* [Source material]:
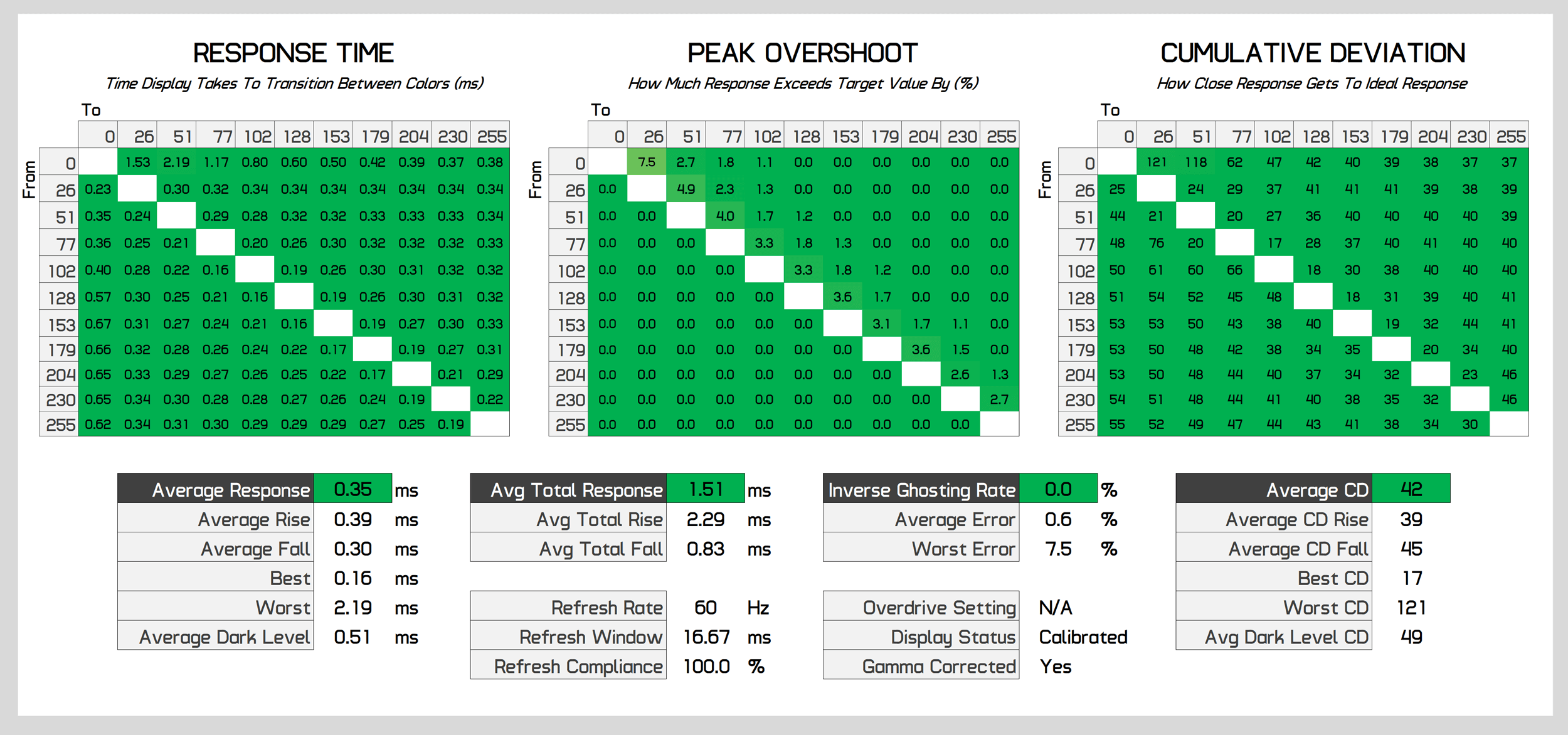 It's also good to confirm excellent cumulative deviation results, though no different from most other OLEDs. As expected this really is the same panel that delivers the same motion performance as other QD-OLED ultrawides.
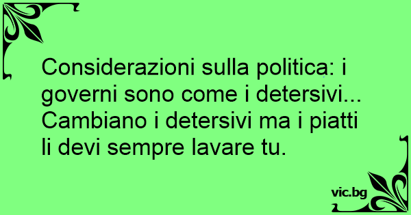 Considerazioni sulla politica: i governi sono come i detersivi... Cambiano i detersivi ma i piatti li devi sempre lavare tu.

---

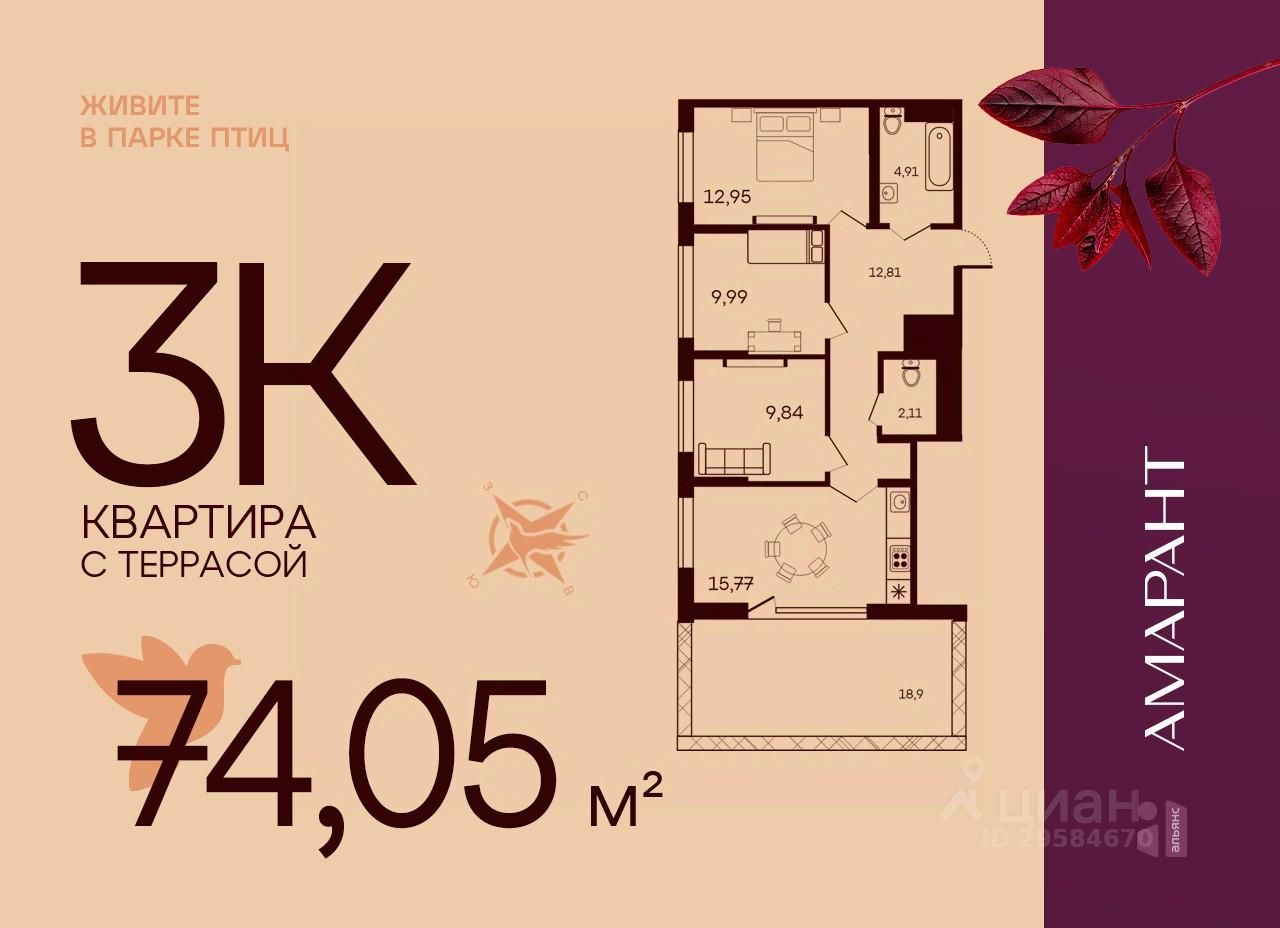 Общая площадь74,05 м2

* [What you need to do]:
Word for word, write out the lines above running from the one with "It's also good" up to and including the one with "Considerazioni sulla politica: i". Drop any picture.

* [Answer to this task]:
 It's also good to confirm excellent cumulative deviation results, though no different from most other OLEDs. As expected this really is the same panel that delivers the same motion performance as other QD-OLED ultrawides.
 Considerazioni sulla politica: i governi sono come i detersivi... Cambiano i detersivi ma i piatti li devi sempre lavare tu.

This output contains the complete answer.